AI news: Why AI Video Will Stay Expensive for a Long Time

Text generation costs keep falling. Video generation costs barely budge. The gap is not a temporary optimization problem. It is structural.

When a text model like GPT-4o or Claude generates a response, it works with tokens, compact representations of words and word fragments. A 1,000-word essay might be 1,300 tokens. The model predicts one token at a time, each prediction referencing the tokens before it. The math is intensive but bounded.

Video has no equivalent shortcut. A single second of 1080p video at 30 frames per second contains 30 full images, each with over 2 million pixels. Every pixel has color values. And unlike text, where each token is somewhat independent, video frames must maintain consistency: the same face, the same lighting, the same physics, frame after frame. An object that appears in frame 1 needs to look right in frame 90, even if the camera angle has changed.

The Dimensionality Problem

Text models compress meaning into a manageable number of dimensions. A token embedding might have 4,096 or 8,192 dimensions.

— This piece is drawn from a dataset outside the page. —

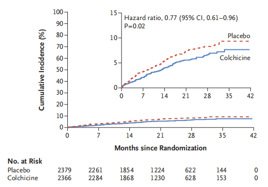 2019年新英格兰医学期刊(NEJM)的一篇RCT表明,对心肌梗死后的患者,给予秋水仙碱具有预防心血管事件的作用。
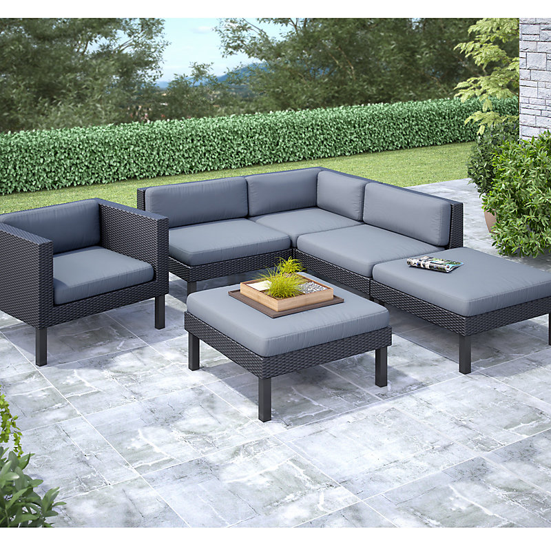 Oakland 6 Piece Patio Sectional Set With Chaise Lounge And Chair

That sounds like a lot until you compare it to video, where the raw data for a single 10-second clip can run into hundreds of millions of values. Current video models use techniques like latent diffusion (compressing video into a smaller mathematical space before generating it), but even compressed, the data is orders of magnitude larger than text.

There is also a temporal coherence problem that text simply does not have. In text, if you write a contradictory sentence, it is annoying but readable. In video, if a character's shirt changes color between frames, the output is unwatchable. Maintaining that consistency across time requires the model to track spatial relationships across every frame, which scales the computation dramatically.

What This Means for Pricing

Sora, Runway, Kling, and other video generation tools charge per second of output, and the prices reflect these physics. Generating a few seconds of video can cost what thousands of words of text generation costs. Some services have tried subscription models to mask per-use costs, but the underlying compute does not get cheaper just because the billing changes.

The optimistic case is that new architectures will find better compression schemes for video, the same way transformers found a good abstraction for text. But text had a natural tokenization target (words and subwords). Video does not have an obvious equivalent. Researchers are experimenting with approaches like tokenizing motion separately from appearance, but nothing has produced the kind of efficiency jump that would bring video costs in line with text.

For anyone building workflows around AI video, the practical implication is clear: budget for video generation to remain a premium service. Text costs will keep dropping toward commodity pricing. Video costs will drop too, but more slowly, and from a much higher starting point. Plan your pipelines accordingly.